# Izzy is HOME! PICS :)



## ExoticChis (Jun 20, 2010)

I finally have Izzabella 
we got her yesterday 
Here are a few pics of our
newest addition.

lol you can see how big Miss Honey looks next to Izzy,
Izzy is so small, she makes Honey look like a giant


----------



## chideb (Jan 29, 2008)

Aww, what a little cutie..Congratulations! Her coloring is wonderful, love the solid head with the spotted body color..


----------



## ExoticChis (Jun 20, 2010)

chideb said:


> Aww, what a little cutie..Congratulations! Her coloring is wonderful, love the solid head with the spotted body color..


thank you 
I love her marking too!!


----------



## Reese and Miley (Jun 24, 2010)

Shes such a pretty puppy, congrats! Looks like shes already having a ball at your place. So cute to see her napping with Miss Honey too, how are they taking to each other?


----------



## ExoticChis (Jun 20, 2010)

Reese and Miley said:


> Shes such a pretty puppy, congrats! Looks like shes already having a ball at your place. So cute to see her napping with Miss Honey too, how are they taking to each other?

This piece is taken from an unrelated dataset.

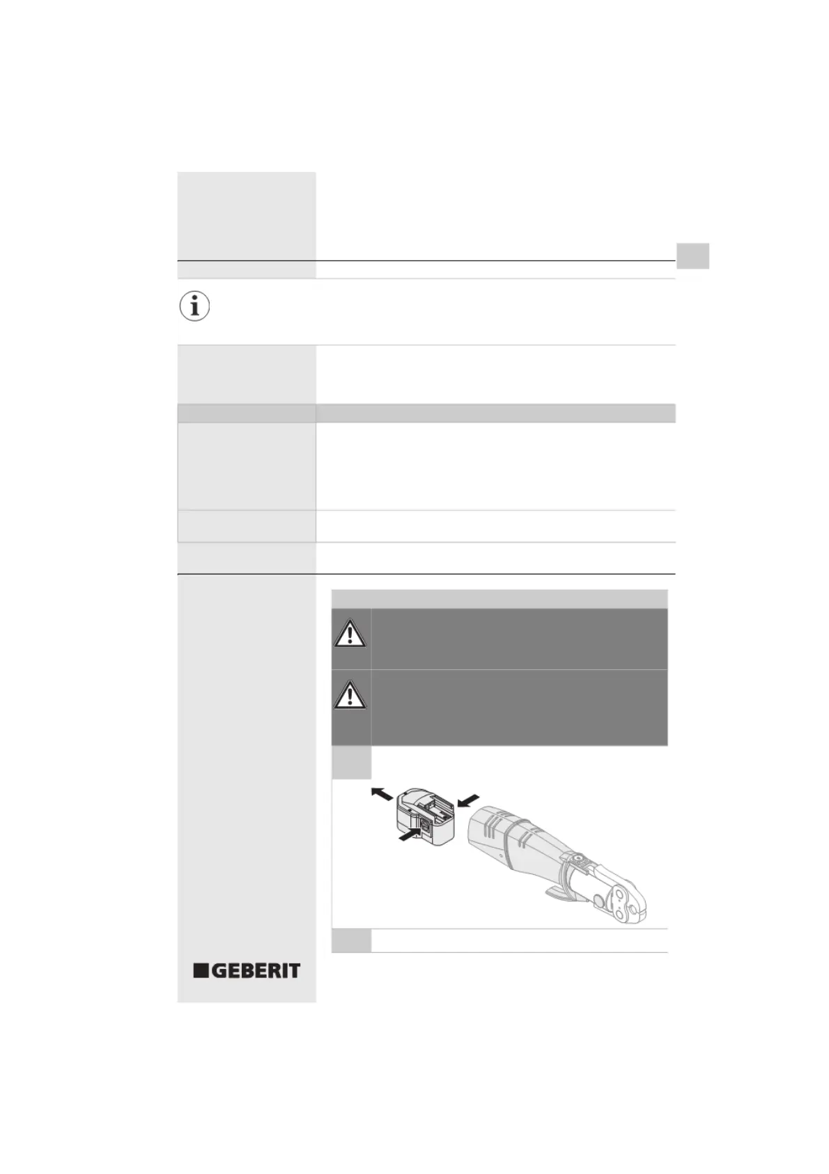 Regelmässig • Presswerkzeug und Akku auf äussere sicherheitsrelevante Mängel und

They are doing really well together, that pic of them sleeping together I took this morning, on my front deck. Honey got a bit angry last night when I put them together in the crate. I got a new crate that is bigger and has room for 2 beds, Izzy tried to sleep on Honeys bed and Honey growled but after about 10 mins she gave up. And they slept fine together all night. This morning she just went and layed next to Izzy on the bed on the front deck.


----------



## AC/DC Fan (Sep 15, 2010)

Awwwwwwwwwwwwwww! What a sweetheart! Congratulations!


----------



## MyLittleCici (Oct 14, 2010)

her markings are so cool she is just a beauty !!


----------



## ExoticChis (Jun 20, 2010)

AC/DC Fan said:


> Awwwwwwwwwwwwwww! What a sweetheart! Congratulations!





MyLittleCici said:


> her markings are so cool she is just a beauty !!


Thankyou ladies


----------



## elaina (Jul 1, 2008)

she's gorgeous, i love her coloring!!!


----------



## ExoticChis (Jun 20, 2010)

elaina said:


> she's gorgeous, i love her coloring!!!


thankyou Elaina


----------



## flippedstars (Dec 16, 2009)

Awwwwwhhhhhhh! I had no idea she wasn't solid fawn, I love the spotting on her back. Congrats on your new baby


----------



## ExoticChis (Jun 20, 2010)

flippedstars said:


> Awwwwwhhhhhhh! I had no idea she wasn't solid fawn, I love the spotting on her back. Congrats on your new baby


Thanks Kristi 
The only pics I had of her until I met her was the ones I posted a few weeks back and the ones in my siggy, lol so I wasnt real sure of her marking either. 
I love her markings!


----------



## Smith (Jun 7, 2010)

What a little elf pup. Welcome home, Izzy!


----------



## ExoticChis (Jun 20, 2010)

Smith said:


> What a little elf pup. Welcome home, Izzy!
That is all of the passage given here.